> [Goal of the exercise]: Go through the entries below and print each one exactly, leaving out pictures.

Data shown section start

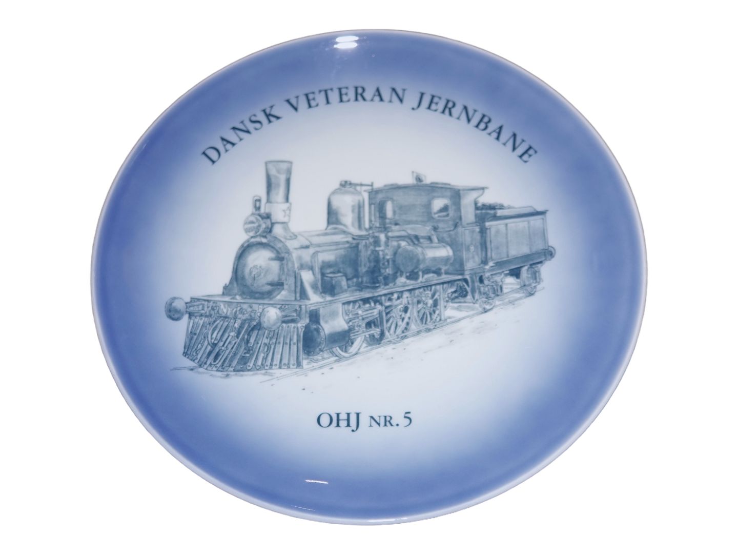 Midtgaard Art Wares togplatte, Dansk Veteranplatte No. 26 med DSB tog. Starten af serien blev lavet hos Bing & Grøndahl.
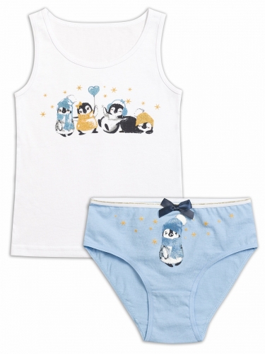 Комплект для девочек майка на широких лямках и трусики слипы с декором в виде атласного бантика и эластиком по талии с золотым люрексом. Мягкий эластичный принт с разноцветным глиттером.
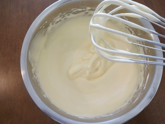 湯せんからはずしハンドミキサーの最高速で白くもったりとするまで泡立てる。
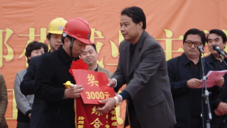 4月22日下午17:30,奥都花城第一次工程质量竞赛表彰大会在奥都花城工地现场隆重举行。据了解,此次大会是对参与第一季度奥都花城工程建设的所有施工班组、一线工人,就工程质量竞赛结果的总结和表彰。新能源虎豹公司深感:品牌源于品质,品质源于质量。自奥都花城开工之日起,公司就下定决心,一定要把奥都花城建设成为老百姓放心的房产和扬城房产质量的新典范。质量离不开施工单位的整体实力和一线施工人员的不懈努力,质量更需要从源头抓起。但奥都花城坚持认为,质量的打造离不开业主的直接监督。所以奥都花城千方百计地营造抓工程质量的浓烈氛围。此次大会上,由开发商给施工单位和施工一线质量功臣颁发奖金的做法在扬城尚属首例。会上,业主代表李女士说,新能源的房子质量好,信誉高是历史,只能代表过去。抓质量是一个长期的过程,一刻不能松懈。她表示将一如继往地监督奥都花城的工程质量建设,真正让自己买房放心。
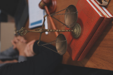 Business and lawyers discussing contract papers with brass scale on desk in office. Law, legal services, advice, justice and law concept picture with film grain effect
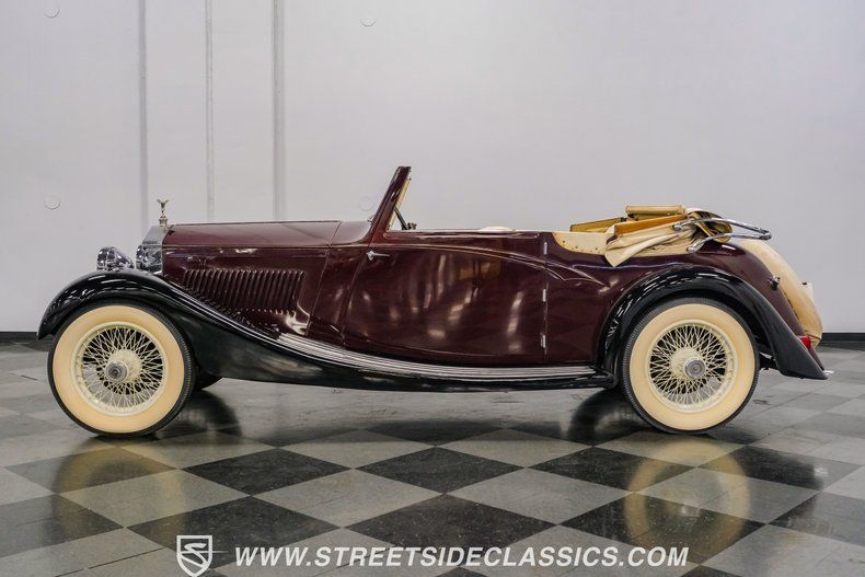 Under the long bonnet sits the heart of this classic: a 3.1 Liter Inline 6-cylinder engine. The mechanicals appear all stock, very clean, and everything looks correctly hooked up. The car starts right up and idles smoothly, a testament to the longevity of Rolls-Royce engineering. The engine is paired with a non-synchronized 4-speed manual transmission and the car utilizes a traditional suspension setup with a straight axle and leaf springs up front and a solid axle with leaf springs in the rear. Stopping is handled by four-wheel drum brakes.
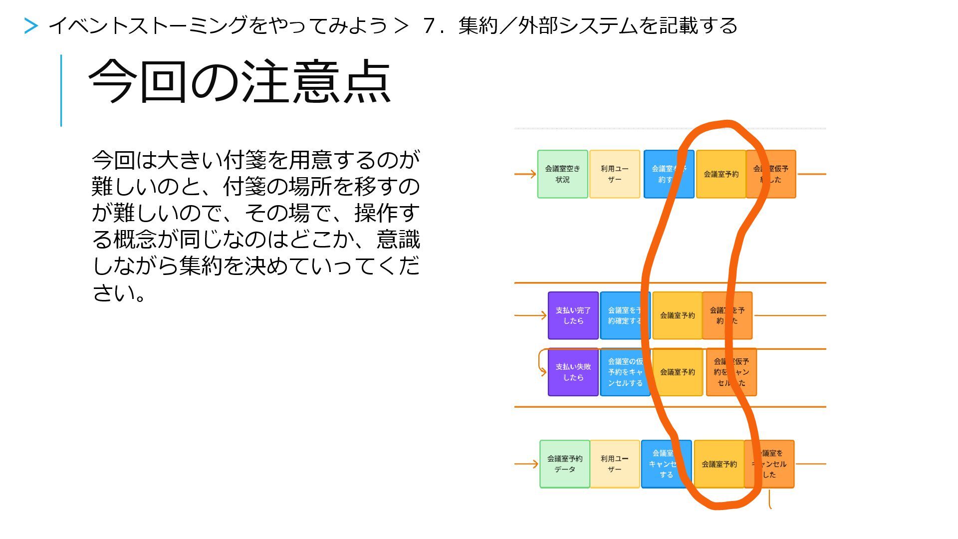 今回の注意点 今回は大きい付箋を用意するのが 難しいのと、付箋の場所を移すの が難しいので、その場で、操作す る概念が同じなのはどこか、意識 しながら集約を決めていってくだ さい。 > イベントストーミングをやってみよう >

Data shown section end

> [Task solution]:
 Midtgaard Art Wares togplatte, Dansk Veteranplatte No. 26 med DSB tog. Starten af serien blev lavet hos Bing & Grøndahl.
 Комплект для девочек майка на широких лямках и трусики слипы с декором в виде атласного бантика и эластиком по талии с золотым люрексом. Мягкий эластичный принт с разноцветным глиттером.
 湯せんからはずしハンドミキサーの最高速で白くもったりとするまで泡立てる。
 4月22日下午17:30,奥都花城第一次工程质量竞赛表彰大会在奥都花城工地现场隆重举行。据了解,此次大会是对参与第一季度奥都花城工程建设的所有施工班组、一线工人,就工程质量竞赛结果的总结和表彰。新能源虎豹公司深感:品牌源于品质,品质源于质量。自奥都花城开工之日起,公司就下定决心,一定要把奥都花城建设成为老百姓放心的房产和扬城房产质量的新典范。质量离不开施工单位的整体实力和一线施工人员的不懈努力,质量更需要从源头抓起。但奥都花城坚持认为,质量的打造离不开业主的直接监督。所以奥都花城千方百计地营造抓工程质量的浓烈氛围。此次大会上,由开发商给施工单位和施工一线质量功臣颁发奖金的做法在扬城尚属首例。会上,业主代表李女士说,新能源的房子质量好,信誉高是历史,只能代表过去。抓质量是一个长期的过程,一刻不能松懈。她表示将一如继往地监督奥都花城的工程质量建设,真正让自己买房放心。
 Business and lawyers discussing contract papers with brass scale on desk in office. Law, legal services, advice, justice and law concept picture with film grain effect
 Under the long bonnet sits the heart of this classic: a 3.1 Liter Inline 6-cylinder engine. The mechanicals appear all stock, very clean, and everything looks correctly hooked up. The car starts right up and idles smoothly, a testament to the longevity of Rolls-Royce engineering. The engine is paired with a non-synchronized 4-speed manual transmission and the car utilizes a traditional suspension setup with a straight axle and leaf springs up front and a solid axle with leaf springs in the rear. Stopping is handled by four-wheel drum brakes.
 今回の注意点 今回は大きい付箋を用意するのが 難しいのと、付箋の場所を移すの が難しいので、その場で、操作す る概念が同じなのはどこか、意識 しながら集約を決めていってくだ さい。 > イベントストーミングをやってみよう >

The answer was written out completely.